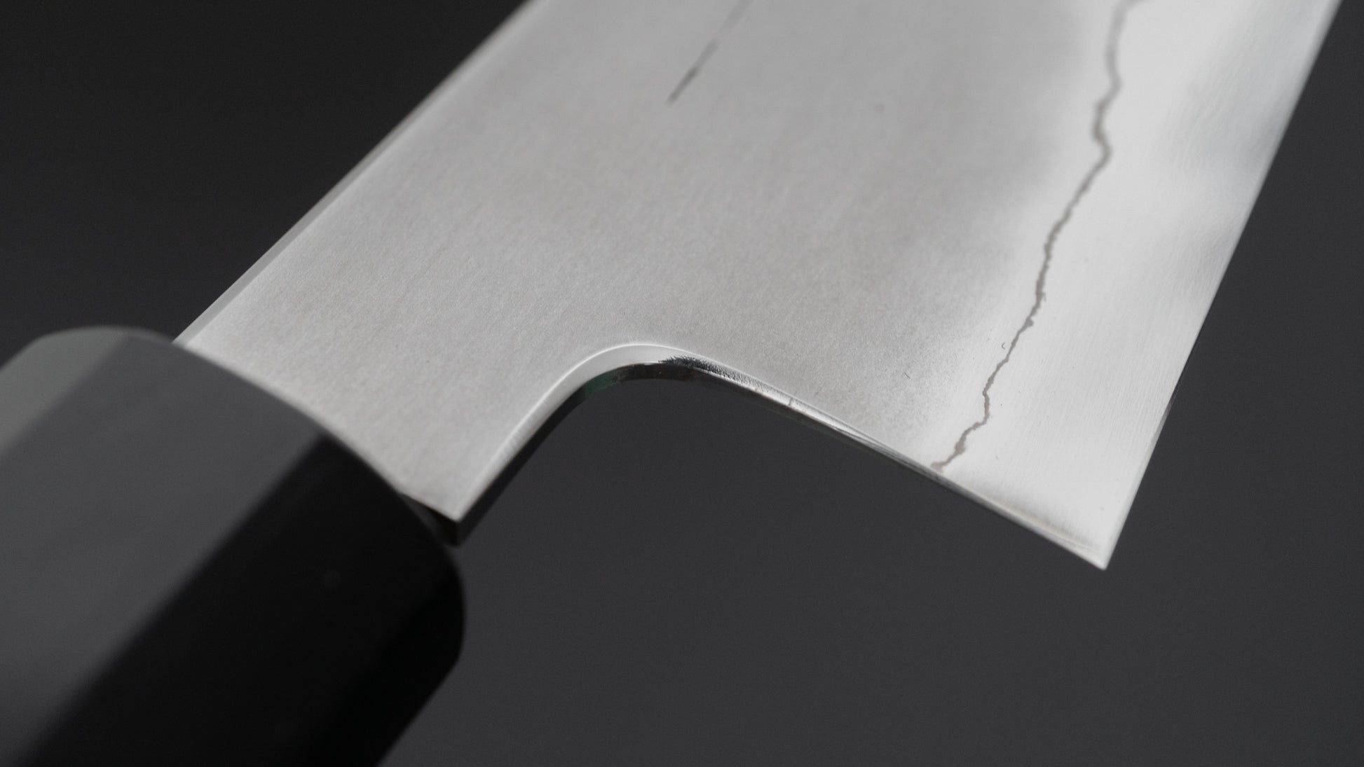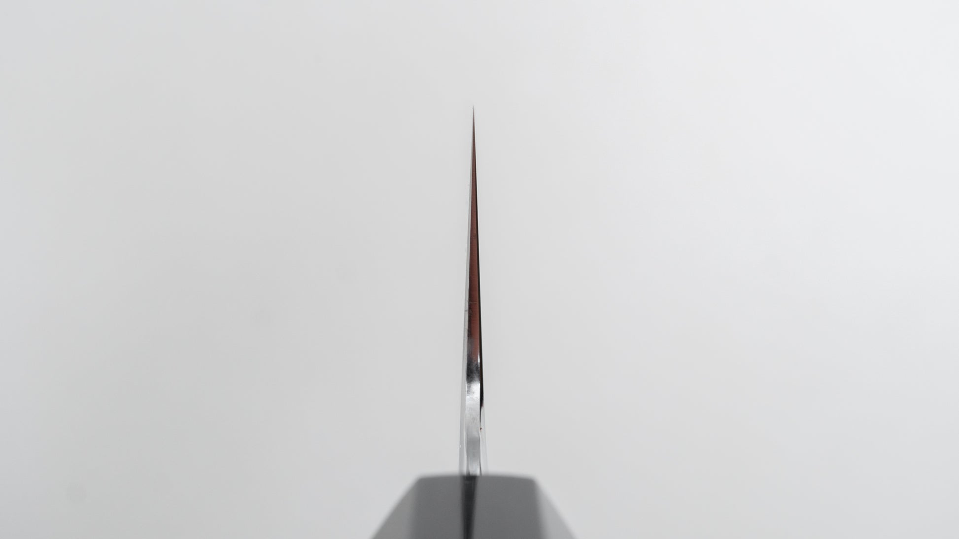 Myojin Sans sharpening is characterized by very even, thin convex (hamaguri) bevels, superior cutting performance, strong geometry and outstanding polish.
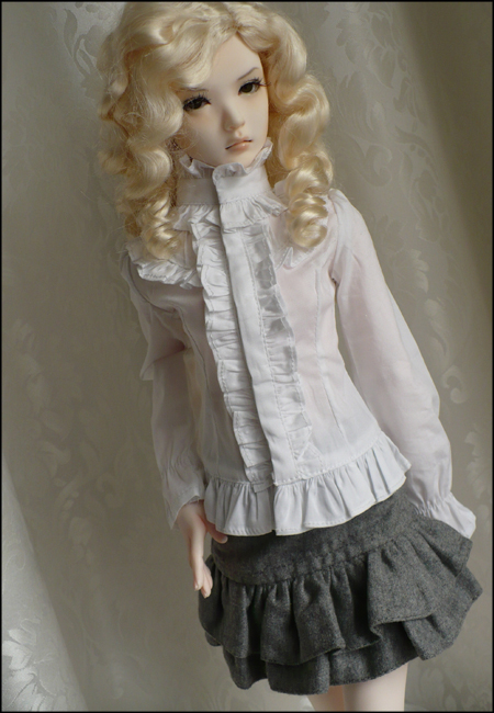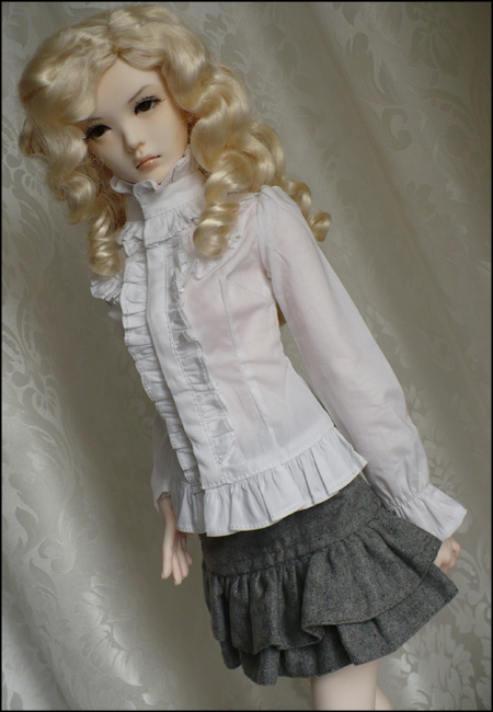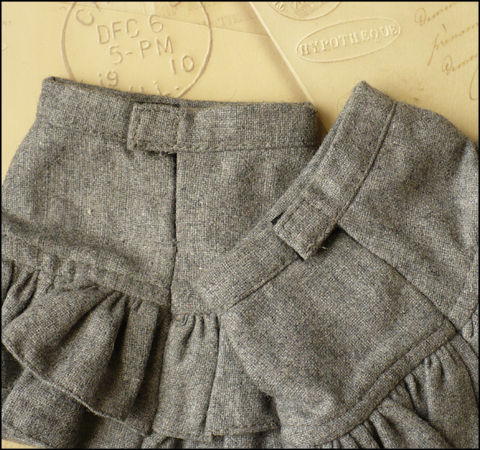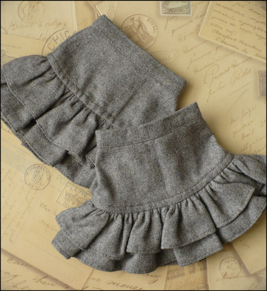 Mini skirt in gray wool, with large ruffles. Timeless design suitable modern & trendy outfits as well as casual or for vintage look. Modeled by Supia.
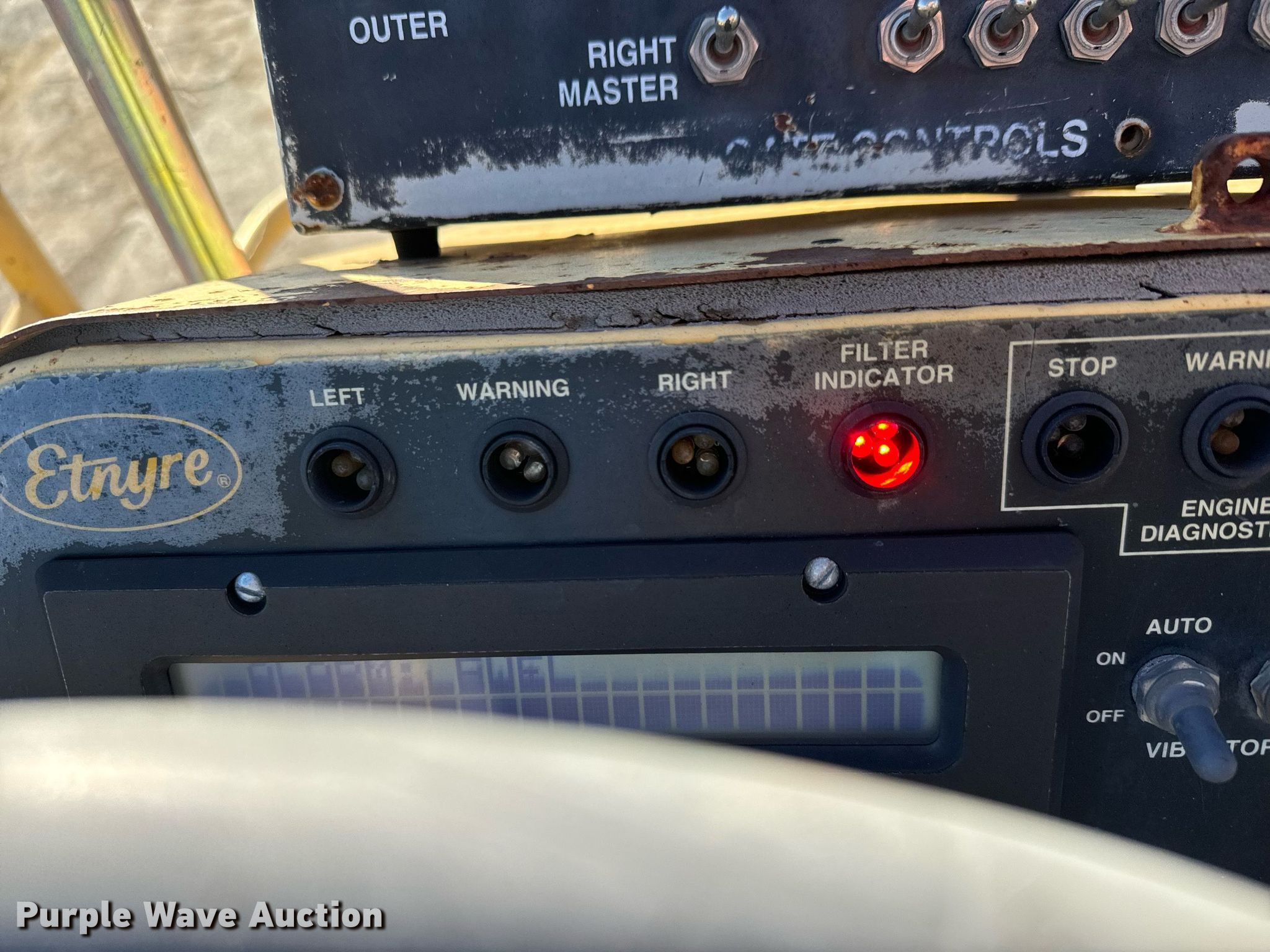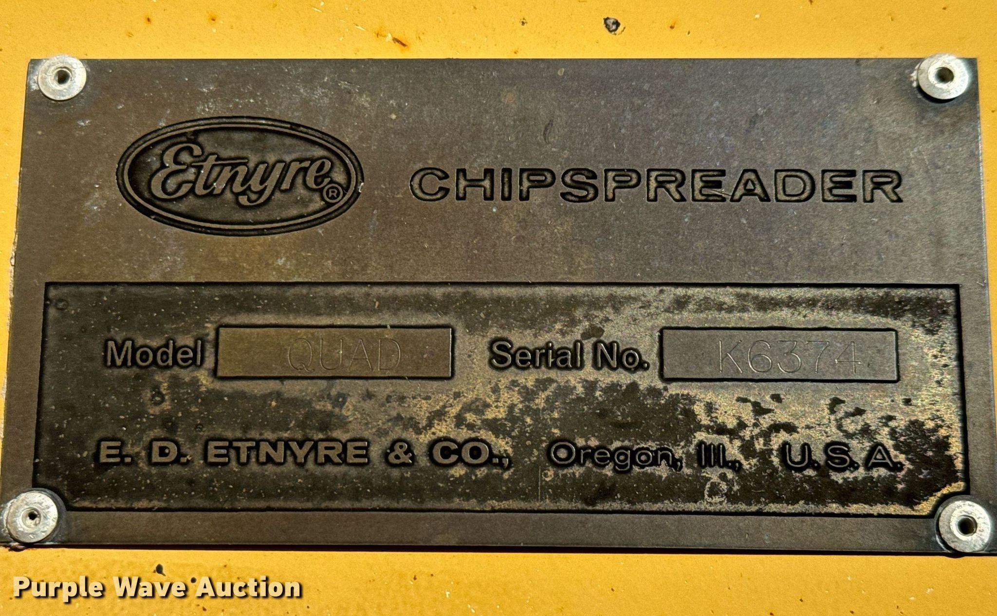 2008 Etnyre QUAD chip spreader. Hours: Unknown, Serial: K6374. Engine Cylinders: 6, Fuel type: Diesel. Transmission Hydrostatic. Features Spreader width: 12' to 24', Material conveyor Width: 24", Hopper Width: 11' 2". Tires Size: 385/65R22.5. Notes Warning indicator: Filter. Blevins Asphalt Construction Company Inc.. Mount Vernon, MO 65712
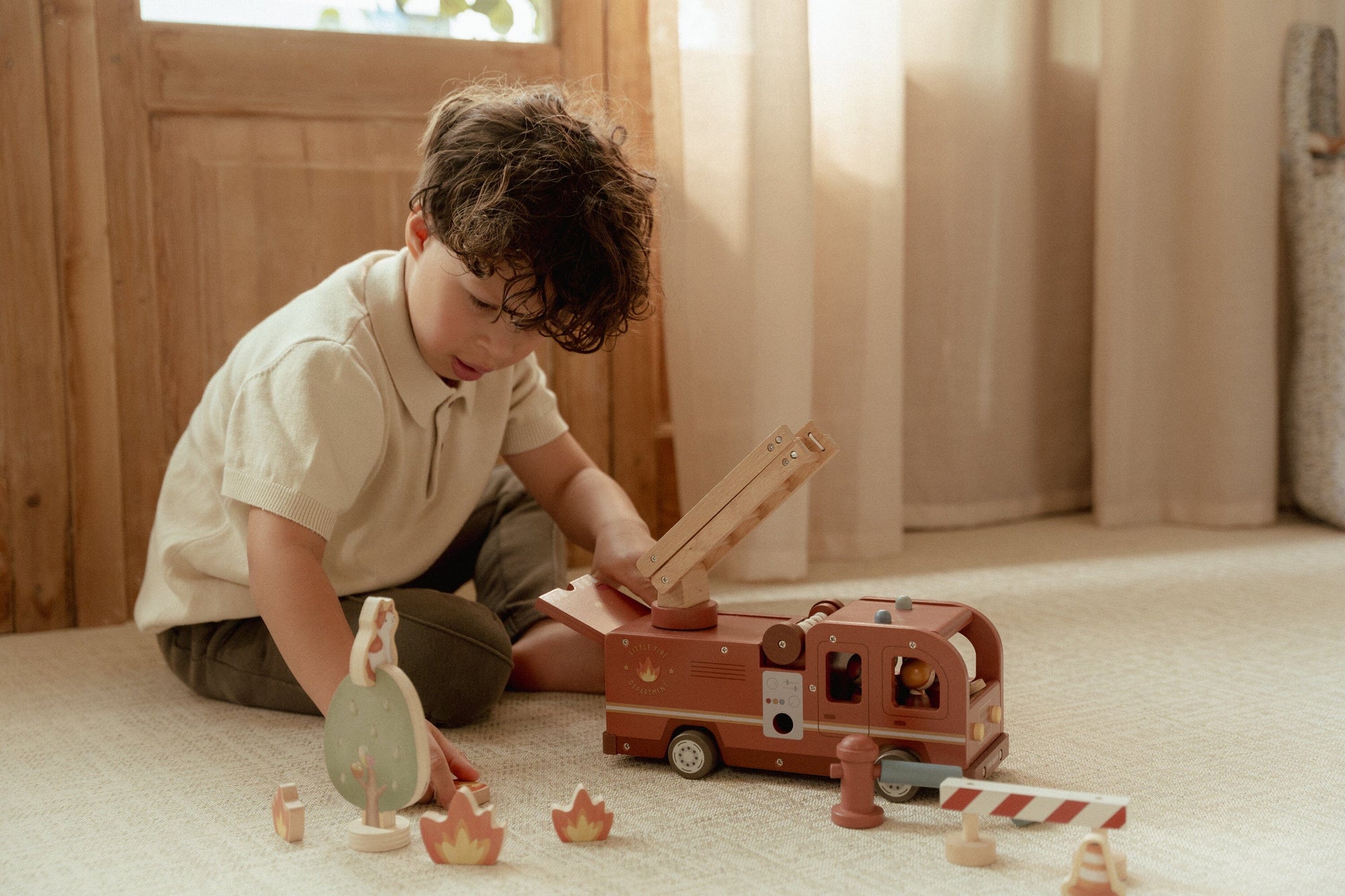 Sauvez le chat de l’arbre ! Ce camion de pompiers en bois est équipé d’une échelle extensible et d’un tuyau d’incendie détachable, pouvant se connecter à la bouche d’incendie ou au camion. L’ensemble comprend quatre pompiers, des flammes et une bouche d’incendie. À combiner avec la caserne de pompiers pour encore plus de jeux.
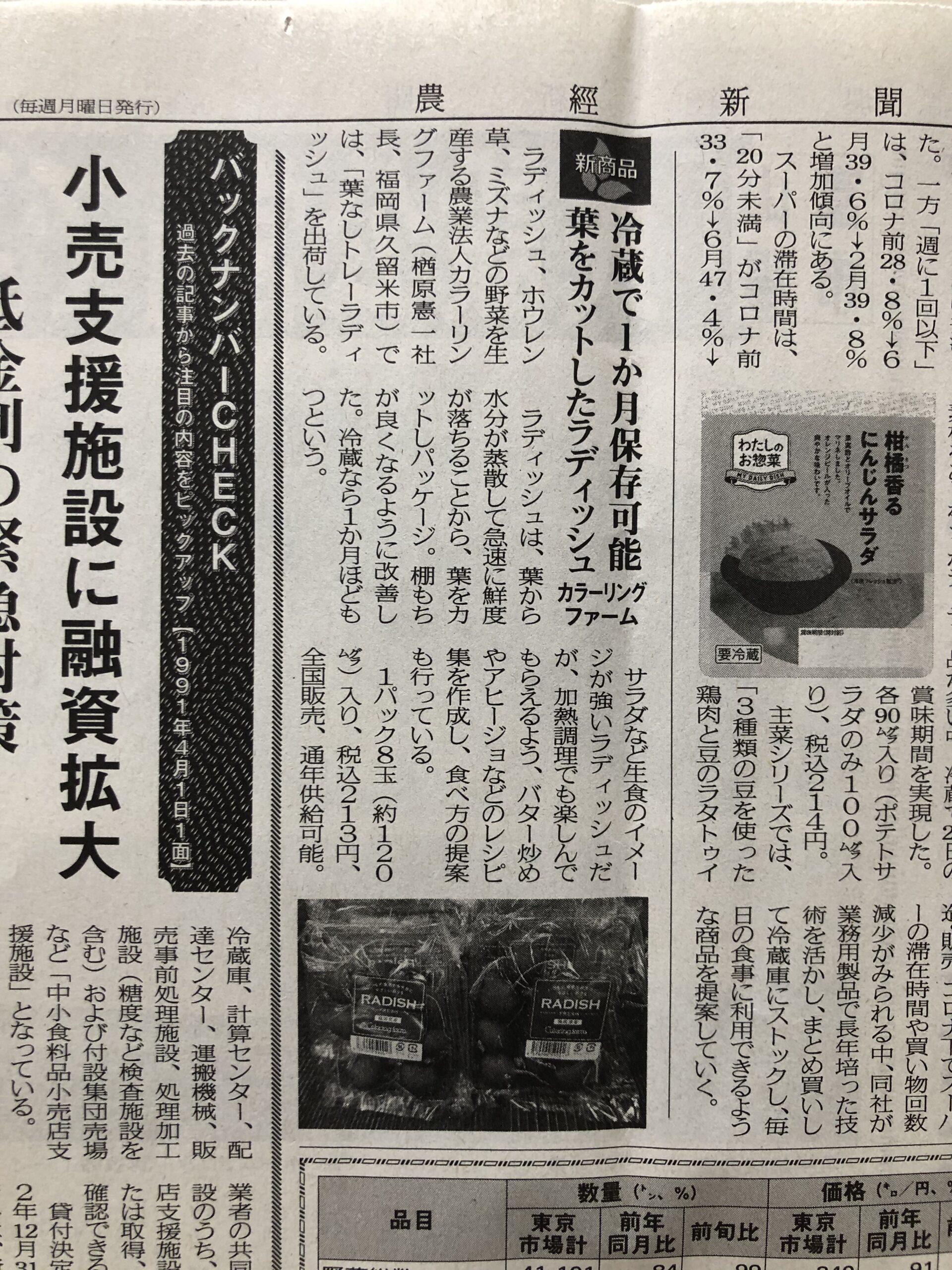 ラディッシュの新しい規格の商品について農経新聞さんに掲載してもらいました。農経新聞さんは青果流通に特化した専門紙です。どなたかの目にとまればいいなーと思っています。
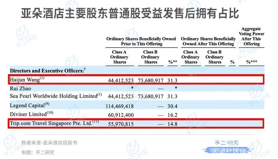 最新招股書披露,王海軍(即耶律胤)持股31.3%,為亞朵的第一大股東;攜程集團持股14.4%,為其第四大股東。
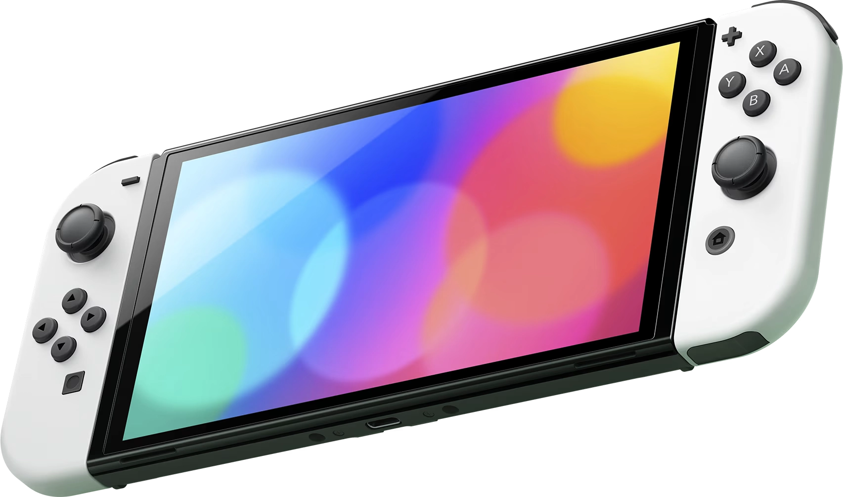 The Nintendo Switch OLED Model is an enhanced revision of the Nintendo Switch that was announced on July 6, 2021 and released on October 8, 2021. It features many new improvements, such as a 7-inch OLED screen with higher contrast and saturation, improved audio with more clarity, a wider, adjustable kickstand, a dock with a dedicated LAN/Ethernet port, double the internal storage (64GB compared to the regular Switch's 32GB.), and more.
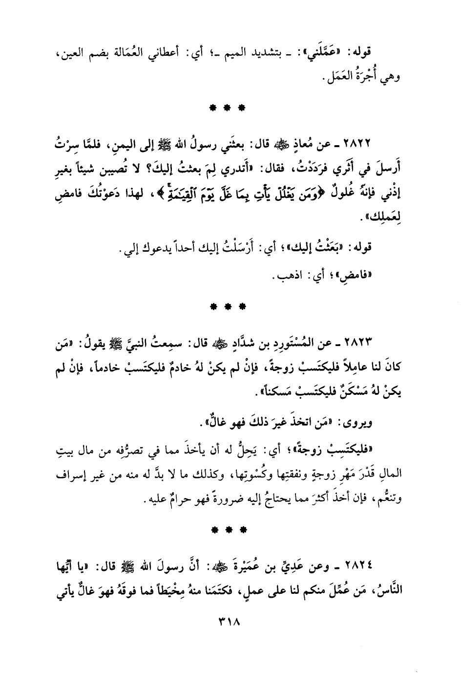 2822 - عن مُعاذٍ - رضي الله عنه - قال: بعثَني رسولُ الله - صلى الله عليه وسلم - إلى اليمنِ، فلمَّا سِرْتُ أَرسلَ في أَثَري فرَدَدْتُ، فقال: "أَتدري لِمَ بعثتُ إليكَ؟ لا تُصيبن شيئًا بغيرِ إذْني فإنّهُ غَلولٌ {وَمَنْ يَغْلُلْ يَأْتِ بِمَا غَلَّ يَوْمَ الْقِيَامَةِ}، لهذا دَعوْتُكَ فامضِ لِعَملِك".
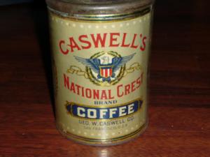 Early Caswell coffee tin can Americana Eagle San Francisco
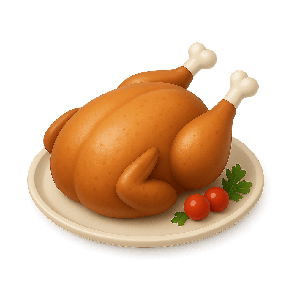 A whole chicken that has been cooked by roasting, resulting in crispy skin and juicy meat. Roasted chicken is a classic dish enjoyed in many cuisines around the world and is often served as a main course.
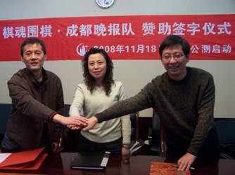 11月17日下午,第22届晚报杯棋魂围棋·成都晚报队的赞助签订仪式在位于成都高新区科技工业园区的梦工厂网络信息有限公司隆重召开。成都棋院院长谢祖瑞女士、副院长宋雪林九段、成都晚报体育部主任王若男先生等嘉宾莅临现场,多家新闻媒体进行了采访。
■ ■ ■ ■ ■
## The problem
Please write out only the material above, exactly, from its first line through the line that contains "2008 Etnyre QUAD", and include no pictures.

## Your solution
 Myojin Sans sharpening is characterized by very even, thin convex (hamaguri) bevels, superior cutting performance, strong geometry and outstanding polish.
 Mini skirt in gray wool, with large ruffles. Timeless design suitable modern & trendy outfits as well as casual or for vintage look. Modeled by Supia.
 2008 Etnyre QUAD chip spreader. Hours: Unknown, Serial: K6374. Engine Cylinders: 6, Fuel type: Diesel. Transmission Hydrostatic. Features Spreader width: 12' to 24', Material conveyor Width: 24", Hopper Width: 11' 2". Tires Size: 385/65R22.5. Notes Warning indicator: Filter. Blevins Asphalt Construction Company Inc.. Mount Vernon, MO 65712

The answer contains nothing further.